* [EXERCISE BRIEF]
Omit all pictures, then retype the data exactly as given.

--*--

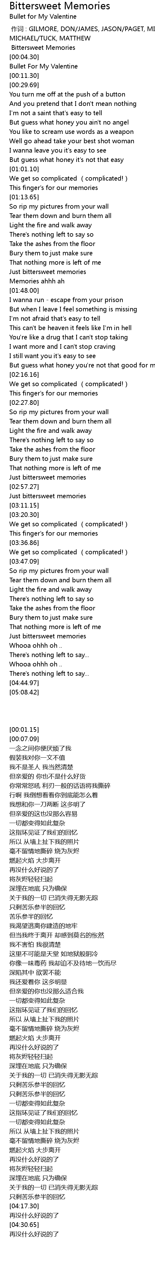 | [01:37.98] | Just bittersweet memories |
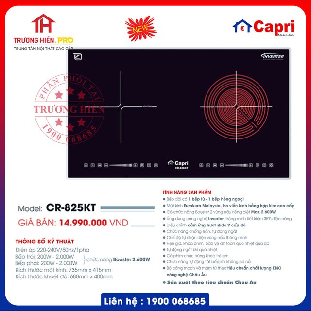 Bếp điện từ - hồng ngoại đôi Capri CR-825KT thuộc dòng bếp điện đôi 2 vùng nấu, là sản phẩm cao cấp của Capri - thương hiệu xuất xứ từ Italy, bếp được trang bị những tính năng vươt trội như sau:
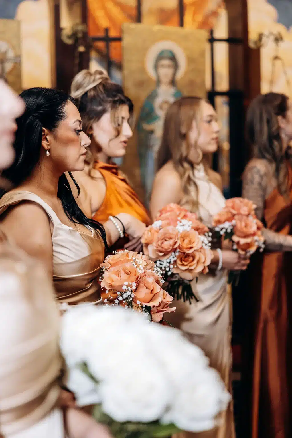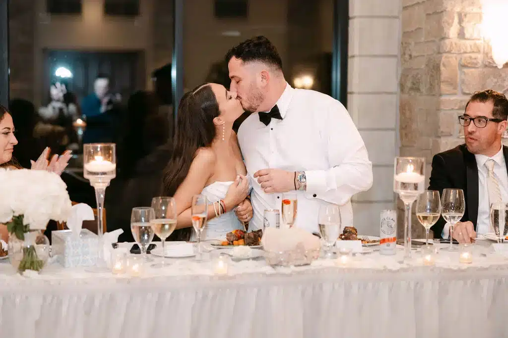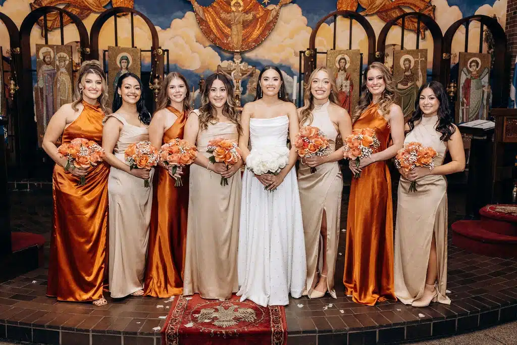 “Our wedding style was centered around timeless elegance with a warm, inviting atmosphere. While I can’t recall one specific moment where the inspiration for the champagne color came from, it’s a shade I’ve always associated with softness, luxury, and understated elegance. Knowing our wedding would take place in the fall, I wanted to compliment that palette with richer seasonal tones, which naturally led to incorporating copper accents to add warmth and depth.
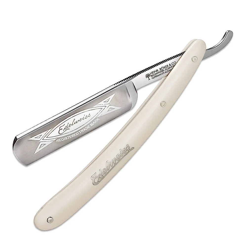 Edelweiss — элегантная опасная бритва от Boker. Выполнена на основе популярной исторической бритвы “Эдельвейс”. Бритва полностью изготовлена вручную с вниманием к деталям, она не только великолепно выглядит, но и демонстрирует легкое качественное бритье. Небольшая ширина лезвия в 15,8 мм делает бритву отлично подходящей для новичков, но при этом она также пользуется большой популярностью и у опытных пользователей. На обухе лезвия в области рукоятки нанесены противоскользящие зазубрины.
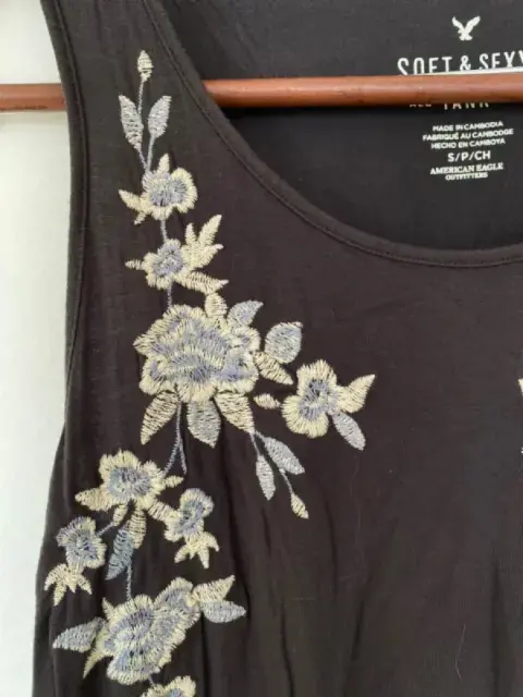 Blusa fresca, bonita con flores de encaje en la parte de adelante.- Talla S
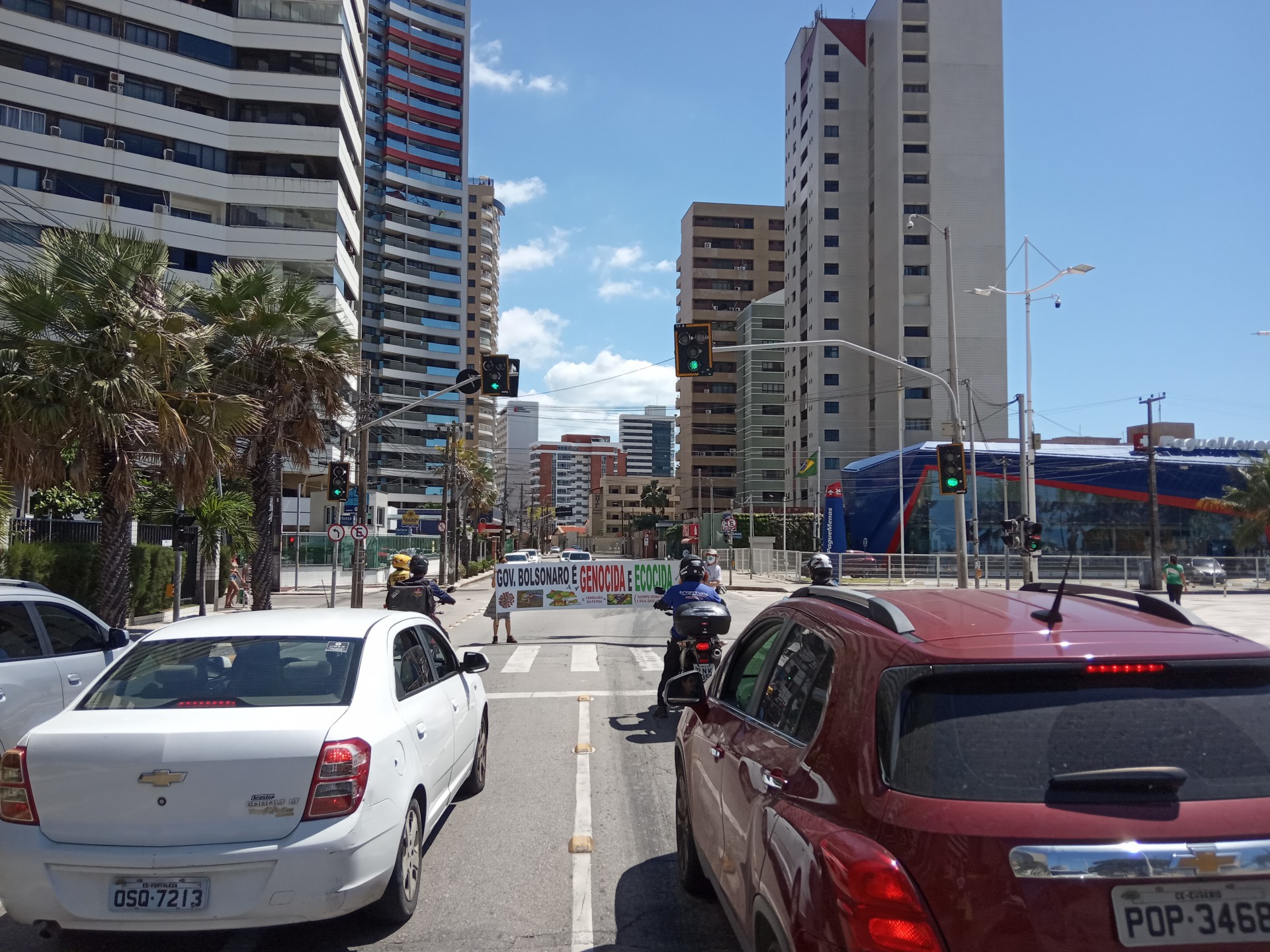 Um grupo de cerca de 20 pessoas se reuniu na avenida Beira Mar, em Fortaleza, para protestar contra o governo do presidente Jair Bolsonaro, caracterizado pela "destruição/desmontes das políticas ambientais, órgãos ambientais e dos biomas brasileiros". O ato aconteceu na manhã deste sábado, 5 de junho, dia Mundial do Meio Ambiente.

--*--

* [SOLUTION TO THE EXERCISE]
 | [01:37.98] | Just bittersweet memories |
 Bếp điện từ - hồng ngoại đôi Capri CR-825KT thuộc dòng bếp điện đôi 2 vùng nấu, là sản phẩm cao cấp của Capri - thương hiệu xuất xứ từ Italy, bếp được trang bị những tính năng vươt trội như sau:
 “Our wedding style was centered around timeless elegance with a warm, inviting atmosphere. While I can’t recall one specific moment where the inspiration for the champagne color came from, it’s a shade I’ve always associated with softness, luxury, and understated elegance. Knowing our wedding would take place in the fall, I wanted to compliment that palette with richer seasonal tones, which naturally led to incorporating copper accents to add warmth and depth.
 Edelweiss — элегантная опасная бритва от Boker. Выполнена на основе популярной исторической бритвы “Эдельвейс”. Бритва полностью изготовлена вручную с вниманием к деталям, она не только великолепно выглядит, но и демонстрирует легкое качественное бритье. Небольшая ширина лезвия в 15,8 мм делает бритву отлично подходящей для новичков, но при этом она также пользуется большой популярностью и у опытных пользователей. На обухе лезвия в области рукоятки нанесены противоскользящие зазубрины.
 Blusa fresca, bonita con flores de encaje en la parte de adelante.- Talla S
 Um grupo de cerca de 20 pessoas se reuniu na avenida Beira Mar, em Fortaleza, para protestar contra o governo do presidente Jair Bolsonaro, caracterizado pela "destruição/desmontes das políticas ambientais, órgãos ambientais e dos biomas brasileiros". O ato aconteceu na manhã deste sábado, 5 de junho, dia Mundial do Meio Ambiente.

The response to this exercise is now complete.